QST assessments were conducted following the protocol developed by the German Research Network on Neuropathic Pain (DFNS). Unless stated otherwise, we used the same equipment and followed the published protocol (Rolke et al. [9, 10]). Images of the respective tools can be found in [16]. All tests were performed at the dorsum of the right hand by the same investigator (FF). For each participant, the complete test serie was conducted twice to have sufficient data points to analyse the individual variability in sensory perception. Before each QST measurement, the upcoming test was explained in detail, and the measurement device was demonstrated to the participants. A 10-minute break between the two test series was observed to prevent habituation.

The protocol included a total of 7 tests, assessing 13 different parameters. The assessed parameters were cold and warm detection thresholds (CDT, WDT), the occurrence of paradoxical heat sensations (PHS) during alternating warm and cold stimuli (thermal sensory limen, TSL), cold and heat pain thresholds (CPT, HPT), mechanical detection thresholds (MDT), a stimulus-response curve for pinprick sensitivity (mechanical pain sensitivity, MPS) and dynamic mechanical allodynia (DMA), the wind-up ratio (WUR) reflecting pain amplification upon repetitive pinprick stimuli, vibration detection thresholds (VDT), and thresholds for pinprick (mechanical pain threshold, MPT) and blunt pressure (pressure pain threshold, PPT).

Thermal measurements were performed with a thermal sensory testing unit (TSA 2001-II MEDOC, Israel) with a 9.0 cm² contact thermode, ramped stimuli (1 °C/s), and cut-off temperatures of 0 °C and 50 °C. CDT, WDT, CPT and HPT were determined as the arithmetic mean of six measurements, with three repetitions performed in each of two test series. For TSL, the mean difference between cold and warm stimuli over both test series was calculated. MDT was assessed with a set of von Frey filaments (Optihair2-Set, Marstock Nervtest, Germany) ranging from 0.25 to 512 mN. The final threshold was set as the geometric mean of our total of ten series of ascending and descending stimuli across the two conducted test series.

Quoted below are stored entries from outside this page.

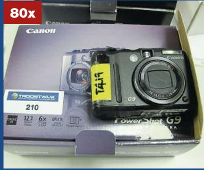
"NIKON", "CANON" & "SONY" digital cameras

"SINAR" → 5" x 4" plate camera with 22 Mpixel digital back flash guns tripods lights lenses photographic accessories without illustration
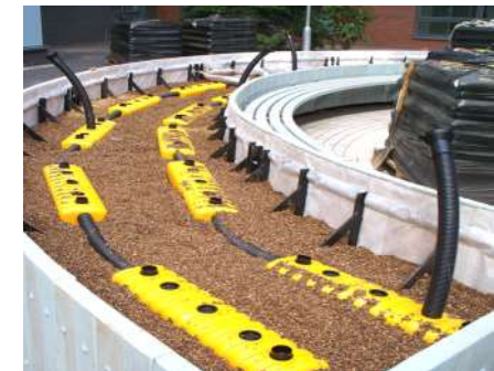
Planter ready for soil and planting
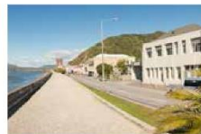
GREYMOUTH Kingsgate Hotel Greymouth
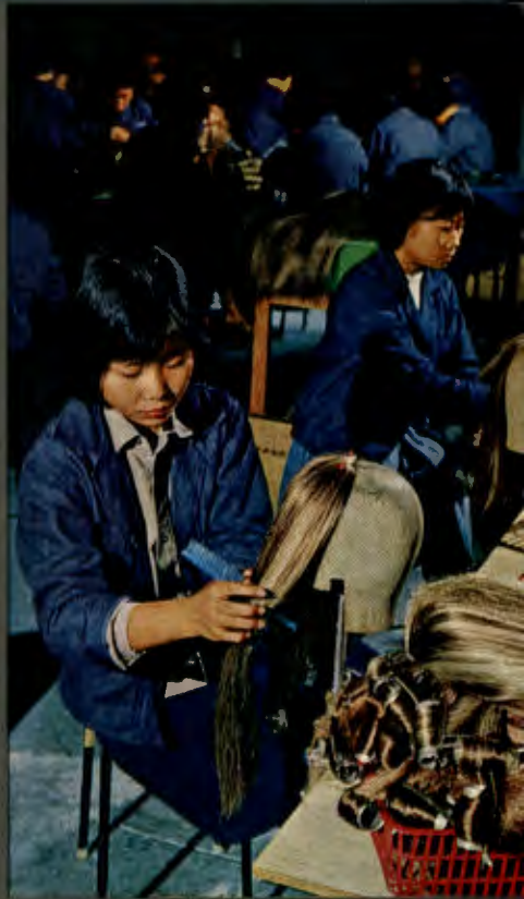
KODACHROME (ABOVE) AND EKTACHROMES © N.G.S.

WIGMAKER COMBS A HAIRPIECE in the Export Processing Zone at Kaohsiung. Human hair, much of it imported duty-free from other Asian lands, is made into wigs for sale abroad.
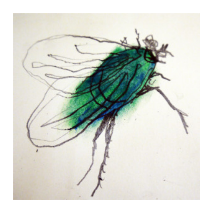
This is featured in the 'Flora and Fauna' pathway

Talking Points: Artists inspired by flora and fauna
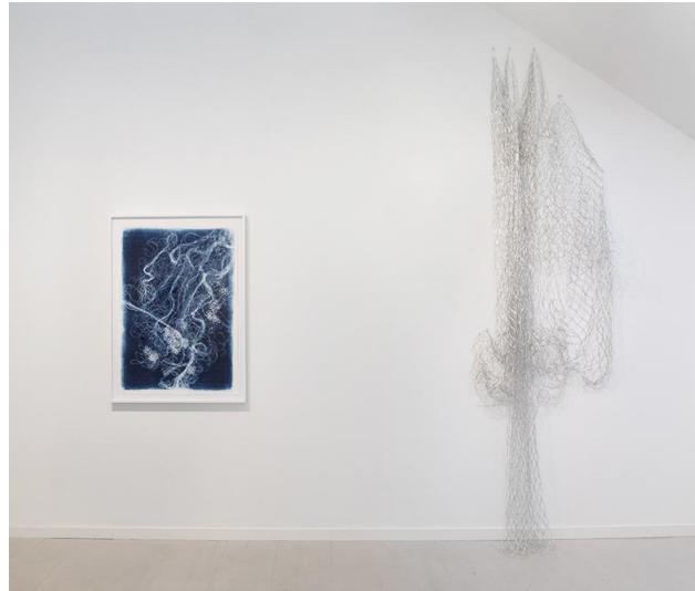
Above: Installation with Monoprint 1 , 2023 and Net , 2023 Left: Ghost Net , 2022, unique screenprint on paper, 60 x 44 in.

Hope's interest in seine netting as a sculptural medium was prompted by a 2019 visit to Maputo, Mozambique for an Art in Embassies commission. Mesmerized by heaps of discarded fishing nets strewn on the beach across from the U.S. Embassy and inspired by their resonance, she soon embarked on planning Murmuration 1 , an undulating wall sculpture comprising monofilament netting and masses of Modello can tabs. In 2022, a related large-scale work was exhibited at The Church in Sag Harbor. Last summer netting took on a buoyant and more visible role in an outdoor project sponsored by Guild Hall Museum at the site of the historic Amagansett Life-Saving Station. Ghost Net (2022), the five-foot tall silkscreen at The Drawing Room serves as a poignant two-dimensional evocation of that ephemeral installation.
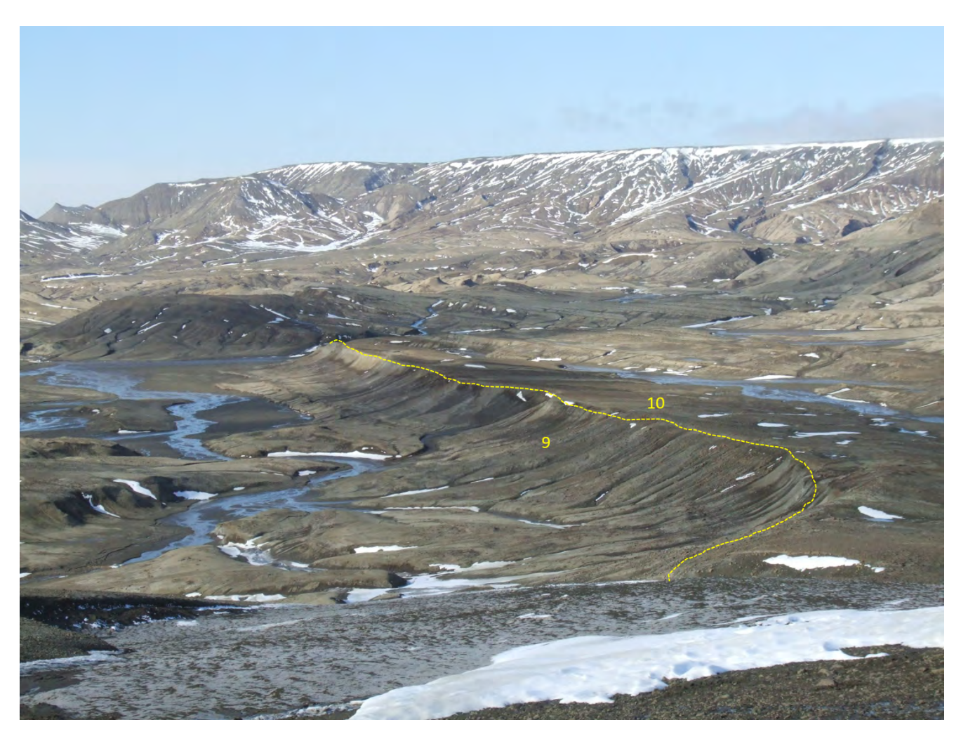
Figure 2.3: The K-Pg boundary at the northern end of its area of outcrop on Seymour (Marambio) Island, north-eastern Antarctic Peninsula. The boundary occurs at the top of a distinct scarp that can be traced in a southerly direction across the island. Informal mapping Unit 9 marks the top of the Cretaceous (K) and Unit 10 the base of the Paleogene (Pg). This is one of the best exposed K-Pg boundaries anywhere in the world.
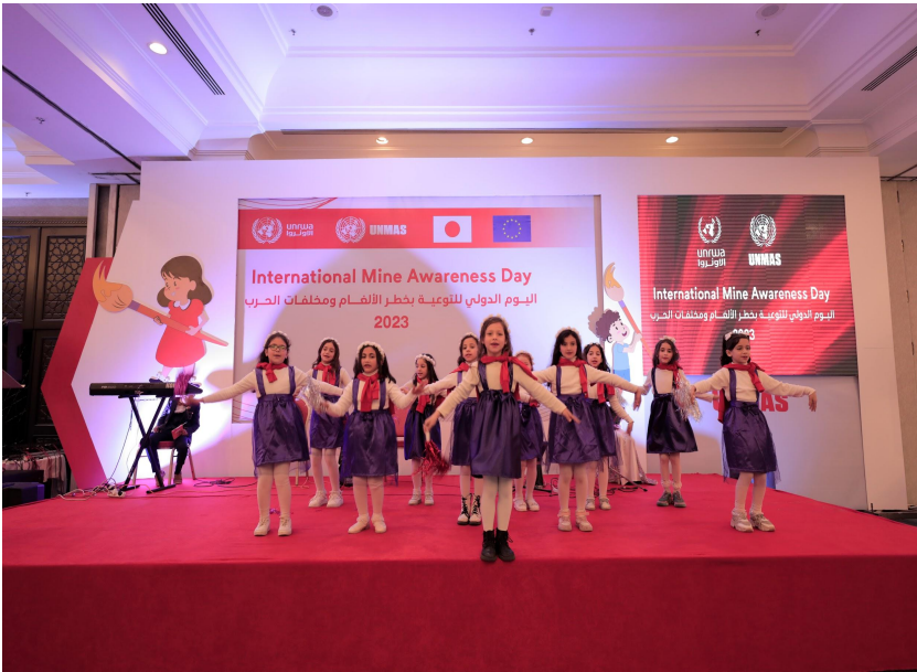
UNRWA school children dancing during Safe Steps song at the IMAD event, March 2023, Gaza, Palestine.
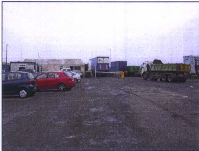
No. 7. View of site office in a western direction.
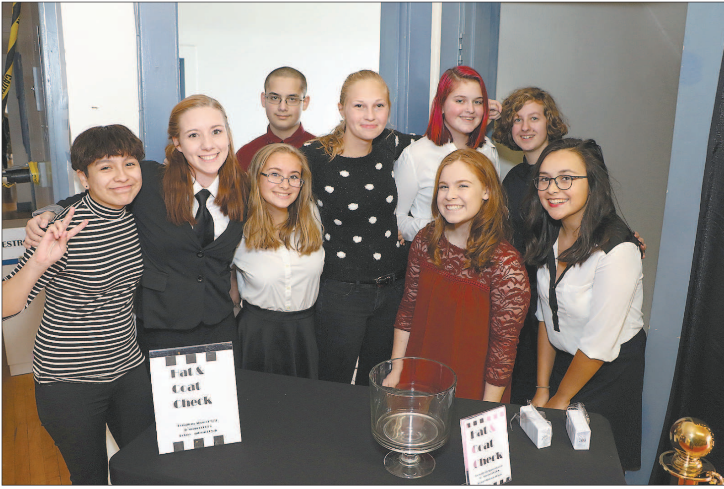
Members of Cottage Grove's Interact Club pause from their many duties for a quick pic during Saturday's Mayor's Ball.

Email photo submissions to: cgnews@cgsentinel.com
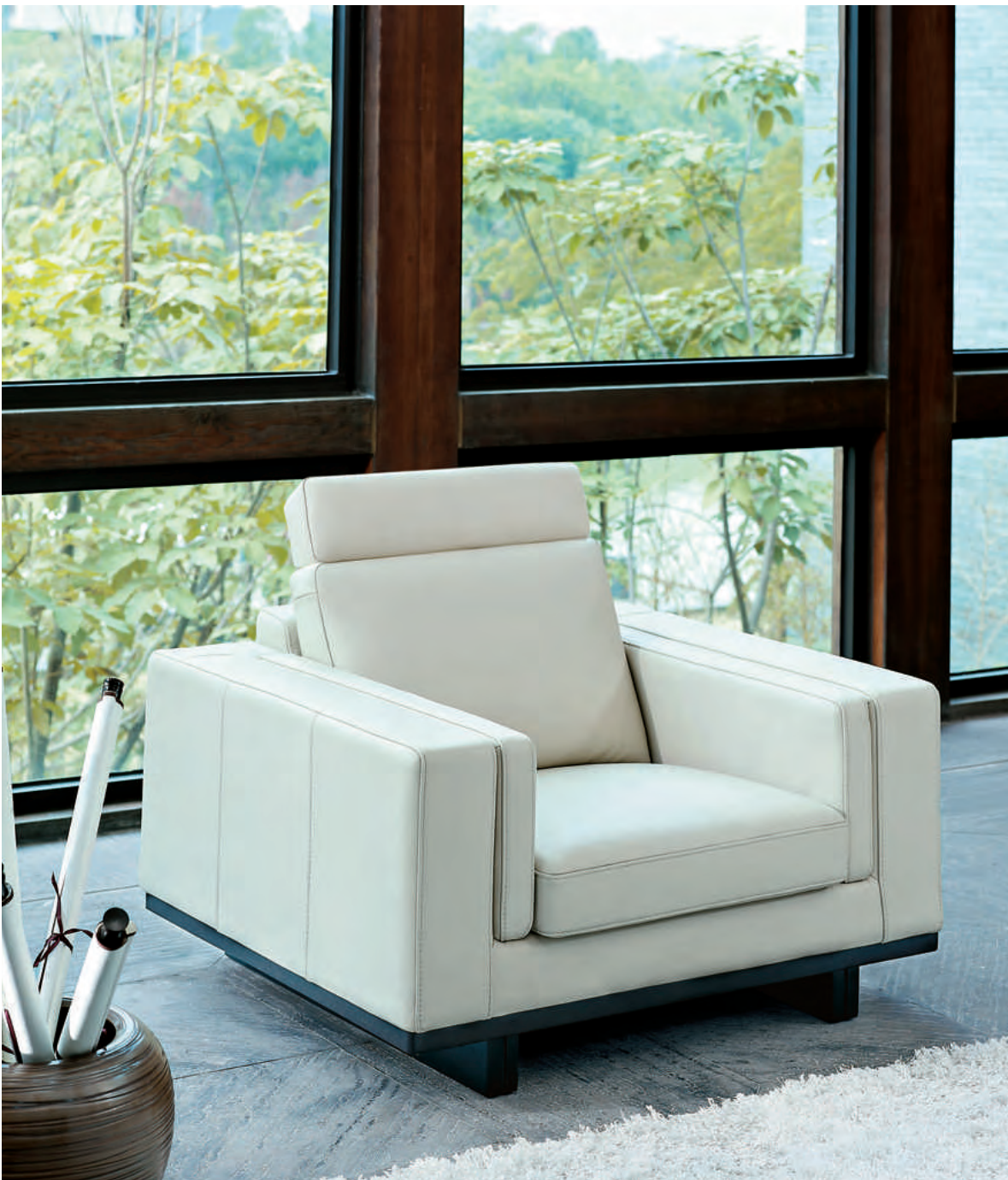
The optional headrest (no. HR3) delivers extra support for your head.
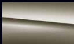
Monolith grey metallic

The same calculus was performed for MPT, which we measured with a set of weighted pinprick stimuli ranging from 8 to 512 mN. MPS was determined using a randomized sequence of pinprick stimuli, with three non-painful stimuli (namely a cotton wisp, a cotton wool tip, and a brush) interspersed to assess ALL. Participants rated pain responses on a 0-100 numerical rating scale after each stimulus. WUR was calculated by comparing pain ratings between a single 256mN stimulus and a series of 10 repeated 256mN stimuli applied at 1 Hz (ratio single / mean of series of ten). VDT was assessed using a neurological tuning fork applied to the styloid process of the radius and determined as the mean of our 10 measurements across the 2 test series, with each measurement recording the point where vibration was no longer felt.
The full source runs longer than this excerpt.